Editor: Melanie Königshoff1

In the interests of transparency, eLife publishes the most substantive revision requests and the accompanying author responses.

Acceptance summary:

We believe that your study on the role of submucosal glands in host immunity will add critical insight into how this airway niche regulates the response to infectious diseases.

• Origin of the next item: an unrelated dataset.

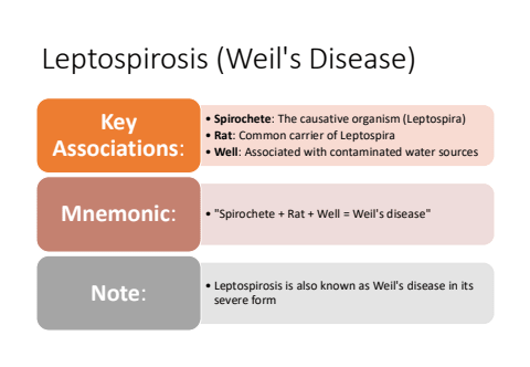 Leptospirosis (Weil's Disease)%u2022 Spirochete: The causative organism (Leptospira)%u2022 Rat: Common carrier of Leptospira%u2022 Well: Associated with contaminated water sourcesKey Associations:Mnemonic %u2022 \:%u2022 Leptospirosis is also known as Weil's disease in its Note: severe form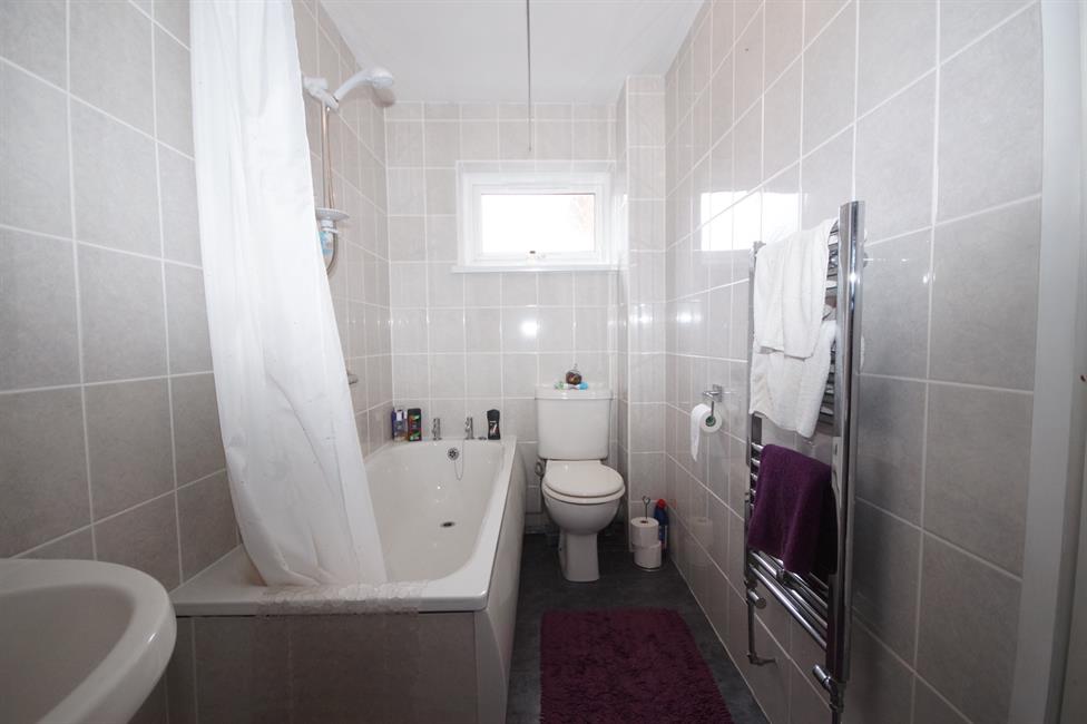 BEDROOM ONE: (14’0 x 9’) Double glazed uPVC window to front with fitted vertical blinds and curtain pole over, one radiator, built-in wardrobe with hanging rail and shelf (3’ recess for door) and ceiling light fitting.BEDROOM TWO: (9’10 x 12’7) Double glazed uPVC window to the front with fitted vertical blinds and curtain pole above, over stairs built-in cupboard and ceiling light fitting.BATHROOM: (9’9 x 4’9 ) Double glazed uPVC frosted window to rear. Suite in white comprising: Panelled bath with electric shower over, wash hand basin, low flush close coupled w.c. towel rack style radiator, fully tiled walls, ceiling light and built-in bathroom cupboard.

Decision letter after peer review:

Thank you for submitting your article "Lack of Airway Submucosal Glands Impairs Respiratory Host Defenses" for consideration by eLife. Your article has been reviewed by two peer reviewers, and the evaluation has been overseen by a Reviewing Editor and Edward Morrisey as the Senior Editor. The reviewers have opted to remain anonymous.

The reviewers have discussed the reviews with one another and the Reviewing Editor has drafted this decision to help you prepare a revised submission.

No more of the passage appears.